#### [Data for this exercise]
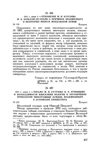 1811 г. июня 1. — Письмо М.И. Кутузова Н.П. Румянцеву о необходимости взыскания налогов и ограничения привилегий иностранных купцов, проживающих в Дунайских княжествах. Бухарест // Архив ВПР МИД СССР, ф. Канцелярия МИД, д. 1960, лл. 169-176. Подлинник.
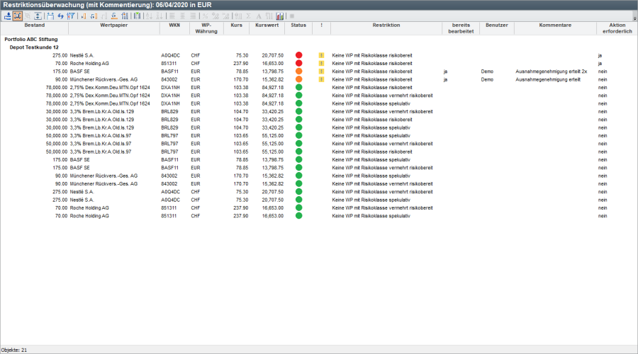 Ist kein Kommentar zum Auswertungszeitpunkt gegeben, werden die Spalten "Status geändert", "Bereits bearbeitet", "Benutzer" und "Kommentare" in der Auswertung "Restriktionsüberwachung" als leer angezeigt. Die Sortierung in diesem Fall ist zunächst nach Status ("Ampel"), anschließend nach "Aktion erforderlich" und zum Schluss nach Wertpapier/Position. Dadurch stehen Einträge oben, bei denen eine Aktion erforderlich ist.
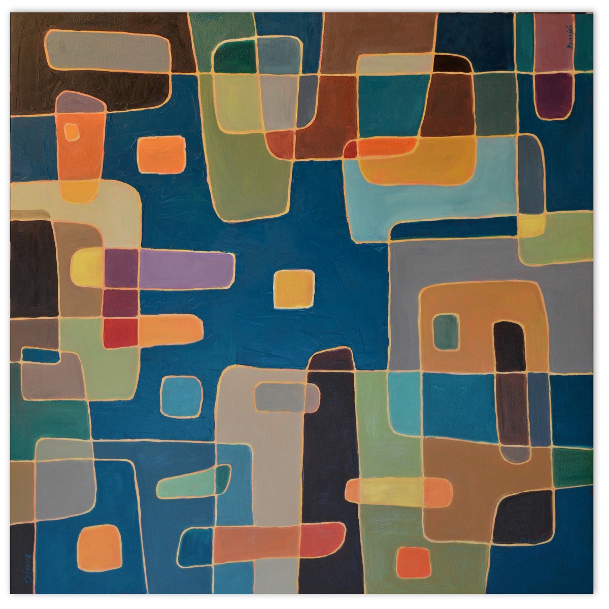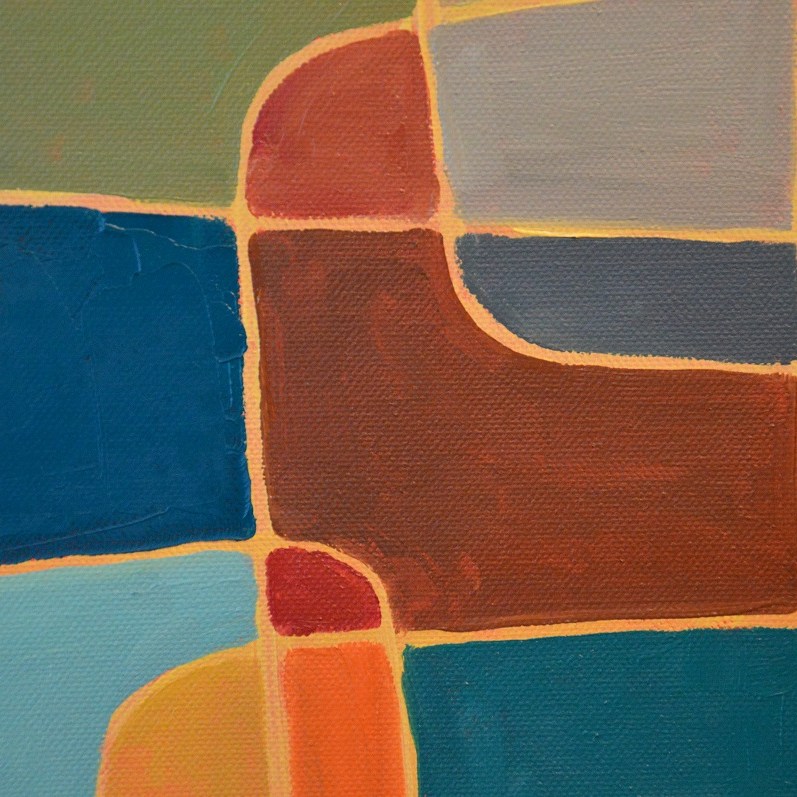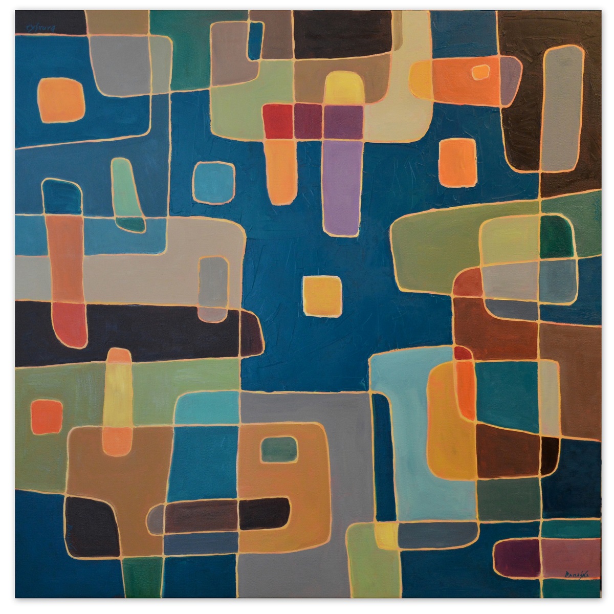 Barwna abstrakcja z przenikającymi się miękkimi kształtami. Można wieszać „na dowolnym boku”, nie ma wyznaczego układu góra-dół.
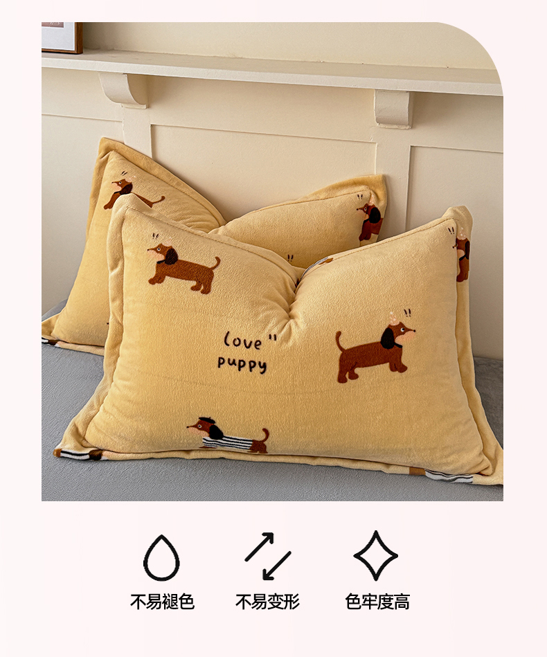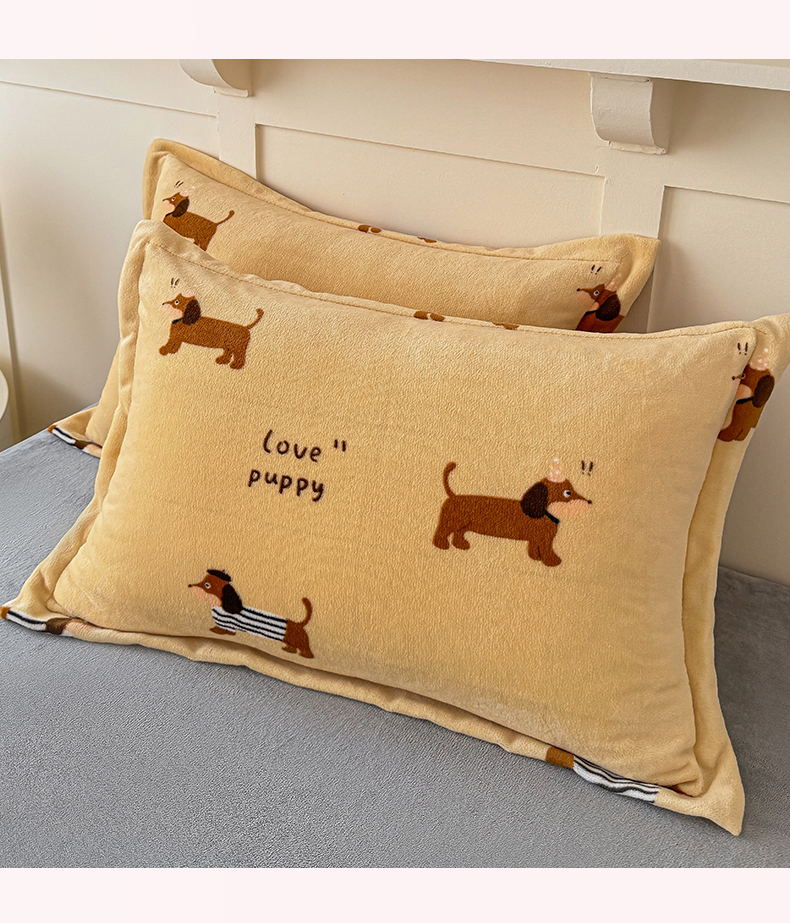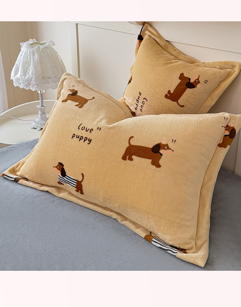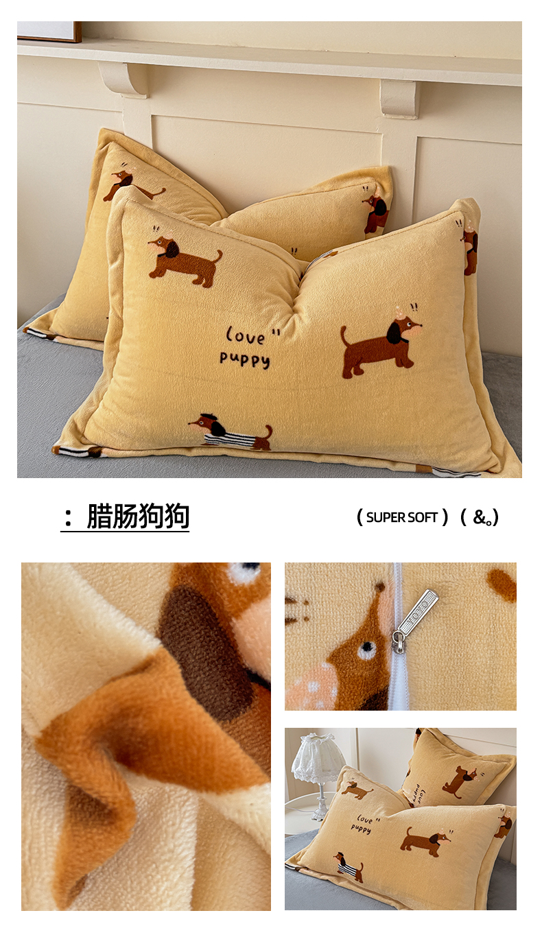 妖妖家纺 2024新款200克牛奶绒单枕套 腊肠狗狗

---

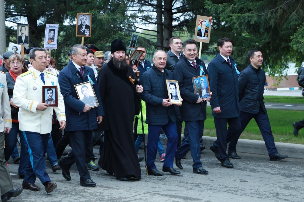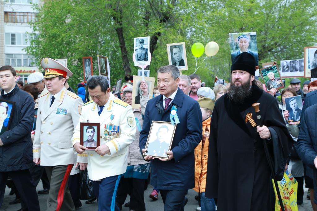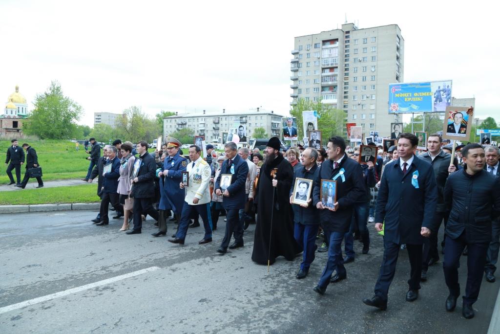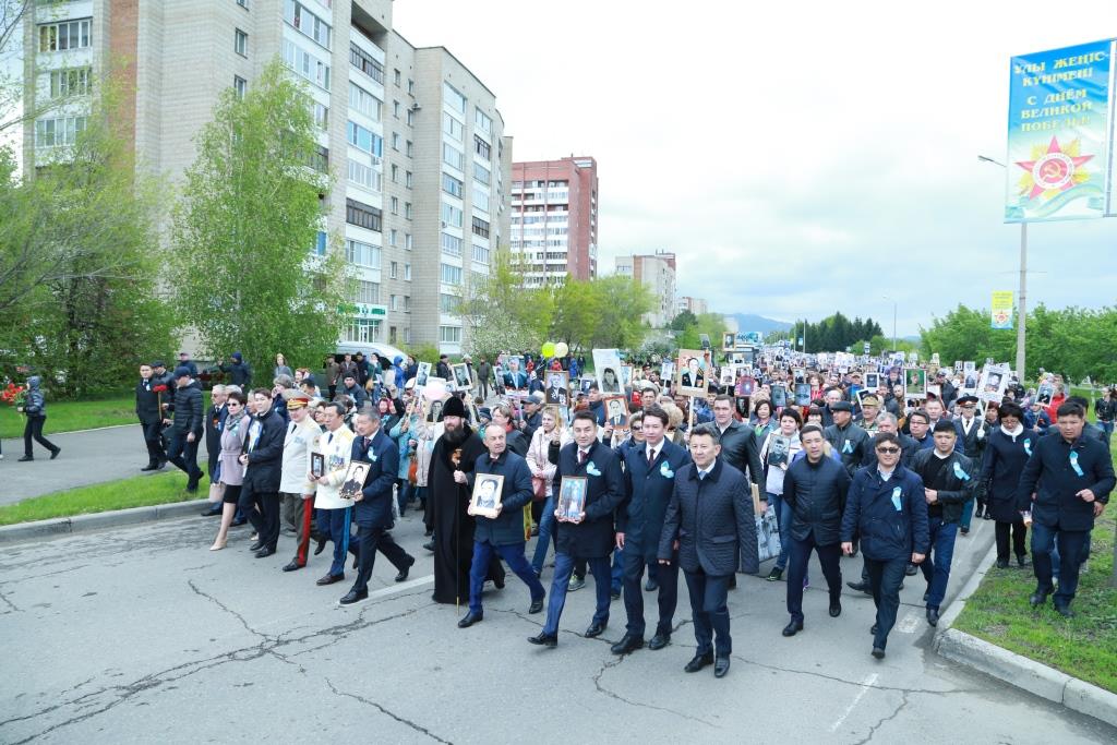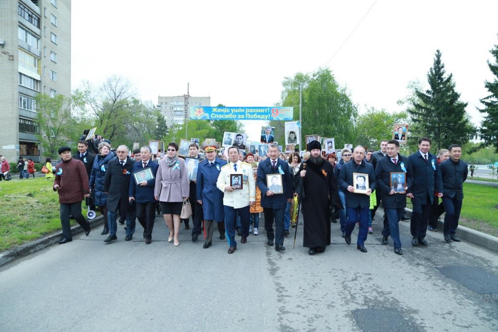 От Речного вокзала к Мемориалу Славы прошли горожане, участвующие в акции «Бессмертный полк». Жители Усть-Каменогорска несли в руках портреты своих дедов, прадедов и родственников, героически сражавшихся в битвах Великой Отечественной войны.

--

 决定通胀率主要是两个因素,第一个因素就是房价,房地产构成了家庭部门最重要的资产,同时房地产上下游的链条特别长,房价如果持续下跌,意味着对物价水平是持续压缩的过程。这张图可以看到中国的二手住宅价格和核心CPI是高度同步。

#### [Problem]
Return exactly the part of the listing above that opens with the line containing "1811 г. июня" and closes with the line containing "妖妖家纺 2024新款200克牛奶绒单枕套 腊肠狗狗". Pictures stay out.

#### [Answer to the exercise]
 1811 г. июня 1. — Письмо М.И. Кутузова Н.П. Румянцеву о необходимости взыскания налогов и ограничения привилегий иностранных купцов, проживающих в Дунайских княжествах. Бухарест // Архив ВПР МИД СССР, ф. Канцелярия МИД, д. 1960, лл. 169-176. Подлинник.
 Ist kein Kommentar zum Auswertungszeitpunkt gegeben, werden die Spalten "Status geändert", "Bereits bearbeitet", "Benutzer" und "Kommentare" in der Auswertung "Restriktionsüberwachung" als leer angezeigt. Die Sortierung in diesem Fall ist zunächst nach Status ("Ampel"), anschließend nach "Aktion erforderlich" und zum Schluss nach Wertpapier/Position. Dadurch stehen Einträge oben, bei denen eine Aktion erforderlich ist.
 Barwna abstrakcja z przenikającymi się miękkimi kształtami. Można wieszać „na dowolnym boku”, nie ma wyznaczego układu góra-dół.
 妖妖家纺 2024新款200克牛奶绒单枕套 腊肠狗狗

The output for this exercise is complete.